Was taugt es? CHAKRA ist ein ordentliches Spiel. Es ist nicht der x-te Abklatsch von irgendwas, es ist spannend, unsere Entscheidungen sind relevant, vor allem das Chip-Management reizt. Ich würde CHAKRA jederzeit mitspielen, aber die Kernidee ist nun auch nicht so unwiderstehlich, um das Spiel selber vorzuschlagen. Zumal es gar nicht so leicht ist, das passende Zielpublikum zu finden. Als mittelschweres Taktikspiel ist es vielen Normalos nicht spaßig, vielen Freaks jedoch nicht fordernd genug.
Zwei Dinge gefallen mir nicht so: 1. die Haptik. Die kleinen Edelsteine sind als Setzsteine recht ungeeignet. 2. die Wertung. Komplettierte Farben zählen am Schluss zwischen einem und vier Punkten. Wie viel genau, ist völliger Zufall. Den Wert einer der sieben Farben kenne ich von Beginn an, bei jedem Aussetzen darf ich mir den Wert einer weiteren Farbe geheim ansehen.

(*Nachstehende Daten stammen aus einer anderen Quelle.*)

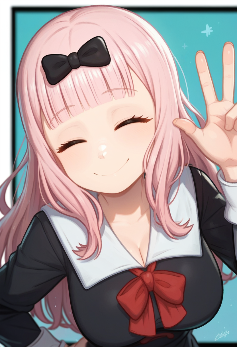 [ chika smile face, smile, closed mouth, closed eyes, w hand sign /
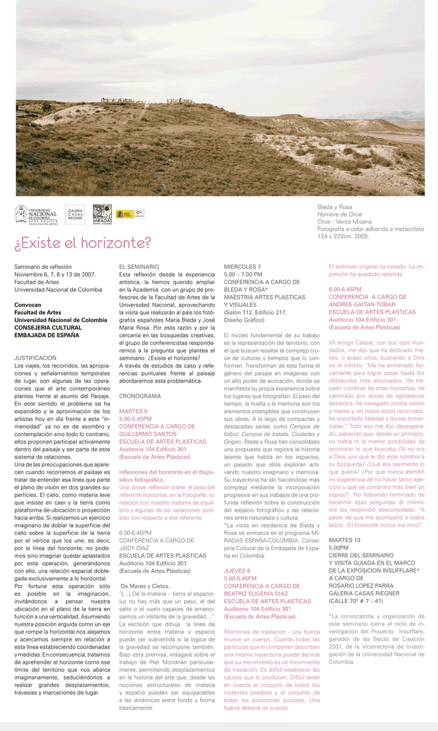 La Maestría en Artes Plásticas y Visuales de la Universidad Nacional de Colombia los invita cordialmente al Seminario: ¿Existe el Horizonte? Los dias 6, 7 , 8 y 13 de Noviembre (5 PM), en la U nacional.
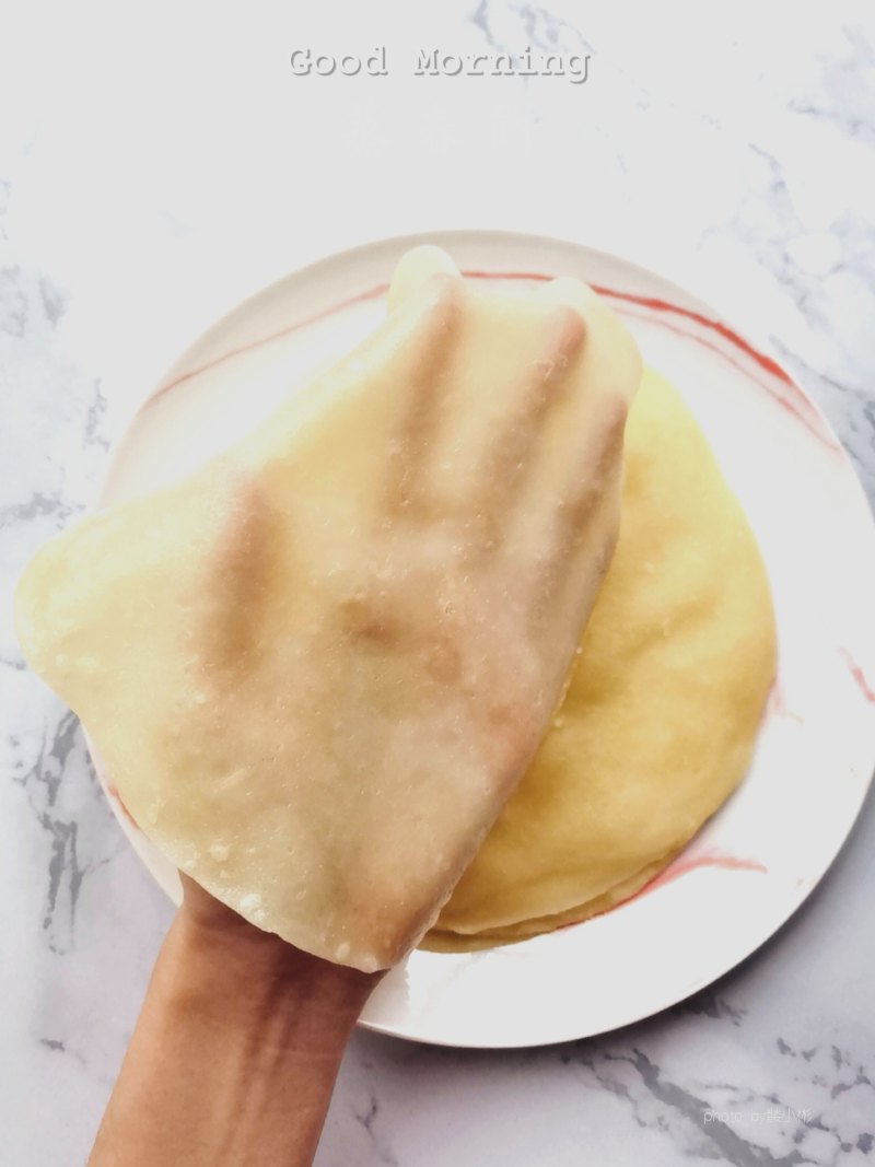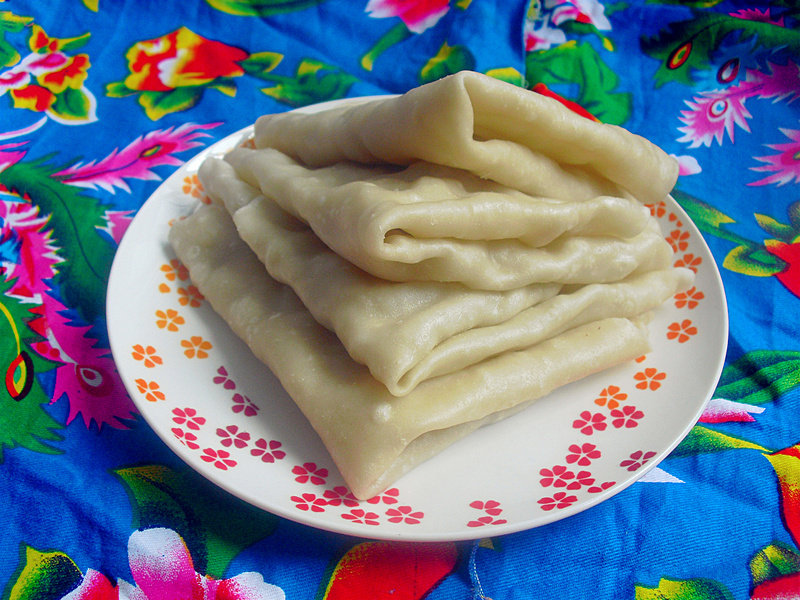 17:这些面蒸了3锅饼(每锅12张左右,共30多张薄饼)将蒸好的春饼逐张掀开,又软又薄又筋道(不用加盐,凉了也不硬)。
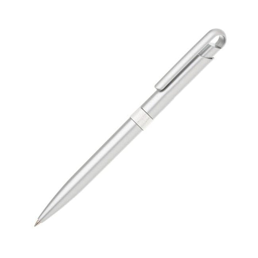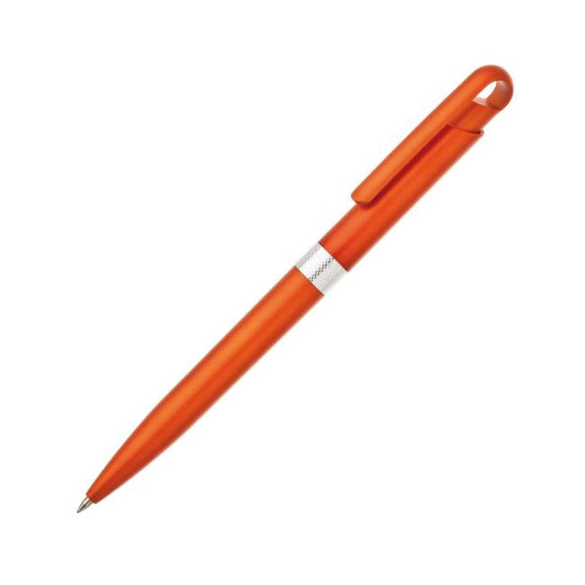 Plastové guľôčkové pero FIROL v metalických farbách. Uprostred pera je stieborný krúžok. Modrá náplň veľkoobjemová....

Meine Hoffnung, dieses Wissen taktisch nutzen zu können, hat sich selten erfüllt. Es ist uneffektiv, eine begonnene Sammlung abzubrechen und nutzlos im Weg herumliegen zu lassen, nur weil sich herausgestellt hat, dass eine andere Farbe mehr Punkte zählt. Mir bleibt während einer Partie gar nicht die Zeit, um groß umzuschwenken. Und wenn ich merke, dass andere, die den Wert von Dunkelblau kennen, wie besessen Dunkelblau sammeln, wird es mir auch nicht mehr so leicht gelingen, jetzt noch drei dunkelblaue Kiesel abzubekommen.
**** solide
CHAKRA von Luka Krleža für eine:n bis vier Spieler:innen, Game Factory.